Ученики притихли и, потупя взоры, начали суетливо копаться в своих одеждах, как бы готовясь в дорогу. И вот уже осторожно один за другим они потянулись к выходу.

Иешуа вновь обратился к Савлу:

– Если тебе, брат, не нравится наша еда, иди в богатый дом.

– Я тебе не брат и не ровня! – ответил резко фарисей и, глубоко презирая учителя, повернулся к нему боком.

И, недовольный собой, что он унизился до разговора с этим нищим, ам– гаарцем, сильно кривя губами, нарочито показывая своё отвращение и ненависть к нему, Савл отрывисто заговорил:

– Я вернулся от Иордана. Там этот – сумасшедший Иван, который горы крестит крестом, и гонит – богохульник – вспять воды святой реки, на моих глазах трижды обращался в козла и летал по небу. А диавол – это видели все – благословлял его бесовским крестным знаменем.

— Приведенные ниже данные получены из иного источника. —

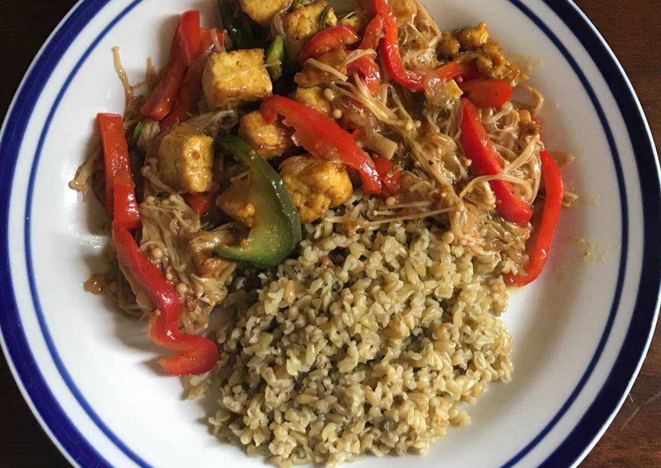 Enoki y Tofu con pimientos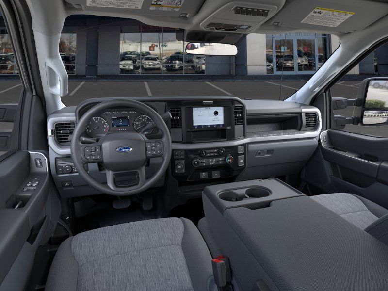 This 2026 Oxford White Ford F-250 SuperDuty XL 4WD is well equipped and includes these features and benefits: Ford Connectivity Package (1-Year Included), GVWR: 10,000 Lb Payload Package, Internet access capable: 5G Modem - Ford Connectivity Package, Order Code 600A (17'' Argent Painted Steel Wheels, HD Vinyl 40/20/40 Split Bench Seat, Radio: AM/FM Stereo with MP3 Player, and SYNC 4), XL Chrome Package (Bright Chrome Hub Covers and Center Ornaments, Chrome Front Bumper, Chrome Rear Step Bumper, and Halogen Fog Lamps), XL Driver Assist Package, 4WD, 4-Wheel Disc Brakes, 6 Speakers, ABS brakes, Air Conditioning, AM/FM radio, Brake assist, Compass, Delay-off headlights, Dual front impact airbags, Dual front side impact airbags, Electronic Stability Control, Emergency communication system: SYNC 4 911 Assist, Exterior Parking Camera Rear, Front anti-roll bar, Front Center Armrest w/Storage, Front reading lights, Fully automatic headlights, Heated door mirrors, Illuminated entry, Low tire pressure warning, Outside temperature display, Overhead airbag, Overhead console, Panic alarm, Passenger vanity mirror, Platform Running Boards, Power door mirrors, Power steering, Power windows, Pro Power Onboard - 400W, Rear reading lights, Rear step bumper, Remote keyless entry, Security system, Speed control, Split folding rear seat, Steering wheel mounted audio controls, Tachometer, Telescoping steering wheel, Tilt steering wheel, Traction control, Trailer Brake Controller, Trip computer, Turn signal indicator mirrors, Upfitter Switches (6), and Variably intermittent wipers.

Савл, искренне веря тому, что он говорил, разгоревшись глазами, уставился в одну точку и взволнованно продолжал говорить:

– Итак, они оба – Иван, да диавол – летали над святой рекой, бросая в неё чёрные стрелы. А народ уже готов был уверовать в них и пасть на колени. Но я, укрепляя себя именем Бога, вышел на середину реки, не замочив сандалий, и плеснул на Ивана и диавола водой. Они с криками упали на землю, которая разошлась, как рана, и поглотила их. А я после этого долго проповедовал слово Божия. И было мне знамение с неба…

Савл усталым жестом руки отёр платком вспотевшее от пылкого рассказа лицо и, отдуваясь, сел на лавку, наморщил лоб, пытаясь вспомнить: зачем он сюда пришёл. Наконец, вспомнил и хлопнул себя по бёдрам, весело сказал:

– Вот, Иешуа, сын плотника, иди на Иордан. Зовёт тебя этот безумец с крестом на шее. А для чего – не знаю.

– Так ведь ты сказал, брат, что его земля поглотила.

Савл с досадливой гримасой махнул рукой.

– Нет, земля не приняла сего богохульника. Живой он, и зовёт тебя.

Учитель взял пустую сумку и направился к выходу, говоря ученикам:

– Я не стремлюсь к беседе с Крестителем, но и уклоняться не буду. Раз зовёт – пойду, а вы – как хотите.

И он, попросив Ефрема и Захария найти Иуду, вышел на улицу. За ним сиганул фарисей Савл, радостно приплясывая в предвкушении потехи, которая, как он был уверен, должна была произойти на Иордане, когда встретятся два безумца

За фарисеем нерешительно двигались ученики Иешуа, плотной кучкой, разводя руками и вздыхая. Они хорошо знали жестокий нрав грозного пророка, который – что не так – немедленно пускал в ход свои огромные кулаки и крест.

Братия, посовещавшись, решили издалека следить за учителем, а если ему будет плохо, то – в этом каждый из них был убеждён – прийти к нему на помощь.

Иешуа, как человек великой доброты, легко забыл о том, что произошло перед храмовым комплексом, во Дворе Язычников между ни и фарисеем Зосимой. Но Зосима и фарисеи ничего не забыли. То, что говорил Иешуа было настолько необычно, дико, что многие фарисеи приняли его слова за бред сумасшедшего. Однако их вождь Зосима, помня лицо странного иудея, был иного мнения.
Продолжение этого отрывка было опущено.